| Dawn
Levy, News Service Stanford University
Astronaut
and solar physicist Loren Acton will deliver the 21st annual
Bunyan Lecture at 7 p.m. Wednesday, May 2, in Terman Auditorium.
The talk, which is free and open to the public, is titled
"The Magnetic Personality of the Universe." Stanford's
Astronomy Program in the Physics Department sponsors the
Bunyan Lectures, which are intended to bring the latest
findings in cosmology research to the public and explore
their impact on society.
"The
study of magnetism has been a dominant factor in the destiny
of the human species," Acton said in a phone interview.
"Our lives have been changed by electronics. What happens
to us as people is often determined by our ability to control,
understand and use electronic forces."
Scientists
have made a number of discoveries recently about magnetic
fields in space, he said. Acton's own work revolves around
the largest magnetic laboratory in our collective backyard
-- the sun. A professor of physics at Montana State University
in Bozeman since 1993, Acton leads a research effort to
monitor changes in the sun's blistering-hot outer corona.
Temperatures in the corona can exceed 1 million degrees,
Acton said, and the heat induces atoms in the corona to
emit X-rays. Acton helped to design and build an X-ray telescope
that monitors these emissions. The telescope orbits the
Earth as part of a Japanese satellite mission called YOHKOH,
which means "sunbeam."
YOHKOH
has taken more than 4 million pictures of the sun since
its launch a decade ago. The YOHKOH team anticipates continuing
the observations until 2008, when the satellite is projected
to reenter the Earth's atmosphere. Acton said study of the
solar corona over a long period of time lets researchers
link coronal changes to the solar cycle, in which the sun's
magnetic field swaps north with south every 22 years. Acton
will present results from the project to the scientific
community at 4 p.m. Thursday, May 3, in a technical talk
titled "Solar Cycle Dependence of Coronal Activity
as Observed by Soft X-ray Telescope on YOHKOH." The
talk will be held in the second floor conference room of
the Varian Building.
The
allure of space had a lot of influence on Acton when he
was in school. Space science opened up a host of new ways
to explore the world. "The space program was just taking
off," he said. "It was like taking off your dark
glasses you could see the universe in a way that you'd
never been able to before."
His
doctoral dissertation at the University of Colorado in 1965
dealt with very early measurements of solar X-rays. "It
was so much fun, I've been doing it ever since," he
said.
Acton
worked in Palo Alto at Lockheed research labs from 1964
to 1993. He was working there in 1977 when NASA accepted
Lockheed's proposal for a space shuttle experiment. In July
1985, Acton found himself in orbit, operating solar telescopes
during eight days on the space shuttle Challenger. Escaping
the Earth's atmosphere is critical for making precise observations,
as atmospheric interference can clutter up data. "By
putting a telescope in space, every picture was perfect,"
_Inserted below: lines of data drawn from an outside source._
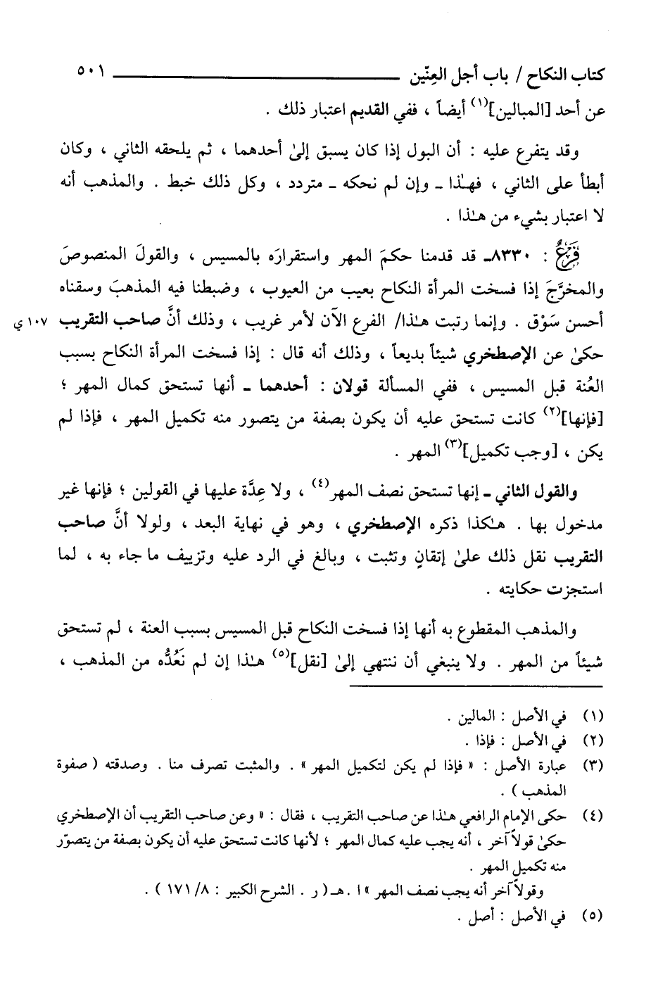8330 - قد قدمنا حكمَ المهر واستقرارَه بالمسيس، والقولَ المنصوصَ والمخرَّجَ إذا فسخت المرأة النكاح بعيب من العيوب، وضبطنا فيه المذهبَ وسقناه أحسن سَوْق. وإنما رتبت هذا الفرع الآن لأمر غريب، وذلك أنَّ صاحب التقريب حكى عن الإصطخري شيئاًً بديعاً، وذلك أنه قال: إذا فسخت المرأة النكاح بسبب العُنة قبل المسيس، ففي المسألة قولان: أحدهما - أنها تستحق كمال المهر؛ [فإنها] (2) كانت تستحق عليه أن يكون بصفة من يتصور منه تكميل المهر، فإذا لم يكن، [وجب تكميل] (3) المهر.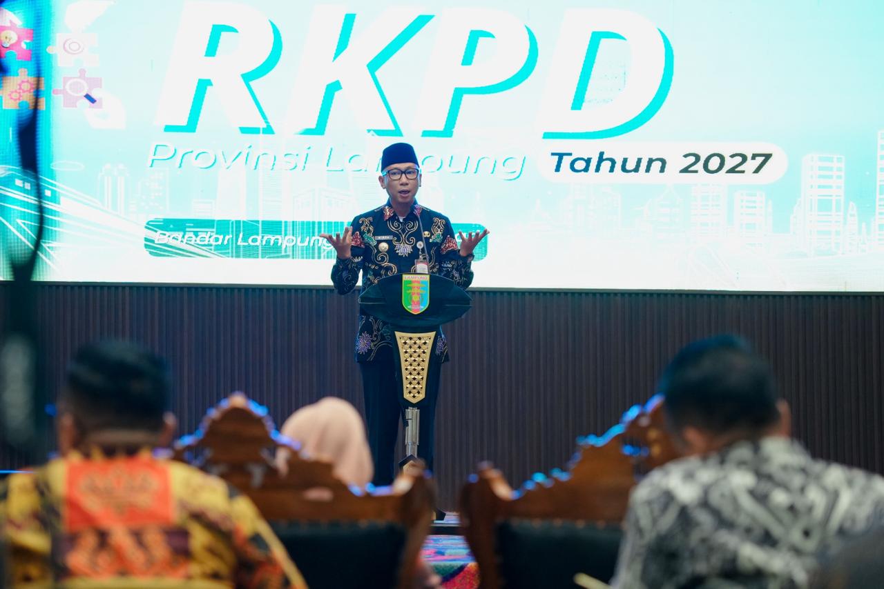 Dalam sambutannya di Balai Keratun Lantai III, Gubernur menyebut penyusunan RKPD 2027 harus mulai memikirkan target besar pertumbuhan ekonomi Lampung hingga 8 persen serta penurunan angka kemiskinan menjadi 5 persen. Menurutnya, target tersebut hanya bisa dicapai jika pemerintah tidak terpaku semata pada belanja Anggaran Pendapatan dan Belanja Daerah (APBD).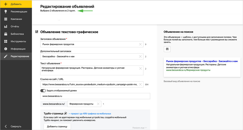 Редактировать текстово-графические объявления в новом окне быстрее и удобнее.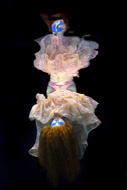 Onder het wateroppervlak werkt Dindi met reflecties en waterspiegelingen. Haar modellen bevinden zich onder of half boven water.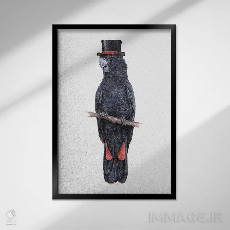 تابلو دکوراتیو کاکاتو سیاه دم قرمز اثر میخائیل ودرنیکوف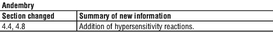 Cases of hypersensitivity have been observed during postmarketing use of Andembry (see Section 4.4 Special Warnings and Precautions for Use). Because postmarketing reporting of adverse reactions is voluntary and from a population of uncertain size, it is not always possible to reliably estimate the frequency of these reactions or establish a causal relationship to product exposure.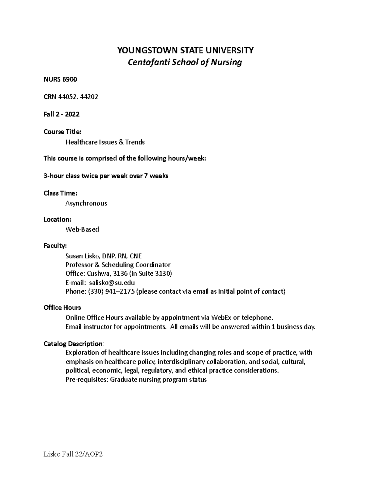 Syllabus n/a YOUNGSTOWN STATE UNIVERSITY Centofanti School of

Acton said. "And when you saw things happen, you had
to believe them and try to interpret them."
The
space experiments suggested that gas motions in the sun's
outer atmosphere are strong enough to push around the magnetic
field, Acton said. "This probably results in energy
storage in the corona," he said, which may contribute
to making the corona hotter than the visible surface of
the sun.
In addition
to his work on the X-ray experiment on YOHKOH, Acton has
been principal investigator on many NASA research programs,
including eight rocket experiments, all in the area of solar
X-ray studies.
Among
his many awards, Acton has received the 2000 Hale Prize
for long-term contribution to solar physics from the American
Astronautical Society, the 1993 NASA Exceptional Scientific
Achievement Medal, the 1988 Robert E. Gross Award for technical
excellence at Lockheed Corp. and the 1986 Spaceflight Achievement
Award of the American Astronautical Society. He also holds
an honorary doctorate from Montana State University.